Dr Maisonneuve souligne la difficulté d'analyse de ces études, les publications dans une revue prestigieuse comme le NEJM font croire aux lecteurs à un bénéfice ajouté des traitements dont il est question.

Selon l'auteur "faire des essais de non-infériorité comparant des médicaments parfois déjà non-inférieurs fait courir le risque d'avoir des médicaments inefficaces. Le choix du comparateur (et de sa dose) sont difficiles."

La limite du seuil de la non-infériorité est souvent choisie arbitrairement.

Comme un commentateur l'explique en dessous de l'article (le Dr Alain Sary), en citant une étude dans le domaine de la cardiologie : un produit inutile pour réduire le risque cardio-vasculaire peut être recommandé car il ne semble pas augmenter le risque cardio-vasculaire !

Pour le dépistage individualisé, ce dispositif peut s'avérer inutile pour réduire réellement le risque de cancers graves, mais être recommandé car il ne semble pas favoriser un taux de cancers graves au-delà d'un seuil arbitraire de 25% de cancers graves tolérés en plus...

Dans le cas de MyPebs

 

Dans le cas de l'étude MyPEBS, nous assistons en quelque sorte au même phénomène, à la même imposture et à la même supercherie vendue aux femmes qui y sont enrôlées :

Le protocole de l’étude consiste à comparer un groupe de femmes soumises à un dépistage hiérarchisé sur leur risque personnel de cancer du sein et un groupe de femmes soumises au dépistage standard ; il prévoit que si on observe une augmentation du nombre de nouveaux cas de cancers du sein de stade 2 et plus dans le nouveau dépistage basé sur le risque individuel de cancer du sein, mais que cette augmentation est inférieure à 25%, alors cette nouvelle modalité de dépistage basé sur le risque individuel sera considérée comme « équivalente » au dépistage standard actuel, autrement dit : aussi efficace. Donc, même si l'augmentation des cancers graves est de 18% ou de 22% p.ex., ce nouveau dépistage sera décrété tout à fait satisfaisant.

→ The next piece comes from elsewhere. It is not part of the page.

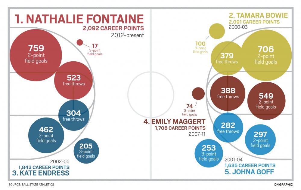 Senior guard Nathalie Fontaine is now the all-time Ball State women's basketball scoring leader with 2,092 points. With four seconds left against Northern Illinois, Fontaine already had 21 points in the game and 2,090 in her career — 1 point shy of Tamara Bowie’s Ball State record of 2,091 career points.

Même l’absence de tout dépistage n’entrainerait probablement pas une augmentation de plus de 25% des cancers de stade 2. Mais ça nous ne le vérifierons jamais puisque dans cet essai on évite soigneusement d'effectuer une comparaison entre les dépistées et un groupe "sans dépistage", ce n'est tout simplement pas prévu.

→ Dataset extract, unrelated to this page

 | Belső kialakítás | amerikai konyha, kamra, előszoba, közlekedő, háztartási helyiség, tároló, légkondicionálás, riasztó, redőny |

Faire "des essais de non-infériorité comparant des médicaments parfois déjà non-inférieurs fait courir le risque d'avoir des médicaments inefficaces" et correspond au phénomène du "bio-creep"(effet de glissade).

Explication du phénomène de bio-creep :

 

Après un essai clinique de non-infériorité, une nouvelle thérapie (ou une nouvelle procédure de santé) peut être acceptée comme efficace, même si son effet thérapeutique ou bénéfique est légèrement inférieur à la norme actuelle. Il est donc possible qu’après une série d’essais où la nouvelle thérapie (la nouvelle procédure) est légèrement plus mauvaise que les médicaments précédents (ou que le dispositif précédent), une thérapie (ou une procédure) inefficace ou nocive puisse être déclarée fallacieusement efficace; c’est ce qu’on appelle le « bio-creep ».

Conclusion

 

Le laxisme et l'arbitraire sur les seuils de non-infériorité dans ces essais reviennent à valoriser des médicaments ou des dispositifs (comme ici le dépistage hiérarchisé sur le risque) qui sont potentiellement moins efficaces que le traitement ou le dispositif de référence (le dépistage standard), ou qui sont peut-être même plus délétères, et les gens enrôlés dans ces essais n'en sont même pas conscients.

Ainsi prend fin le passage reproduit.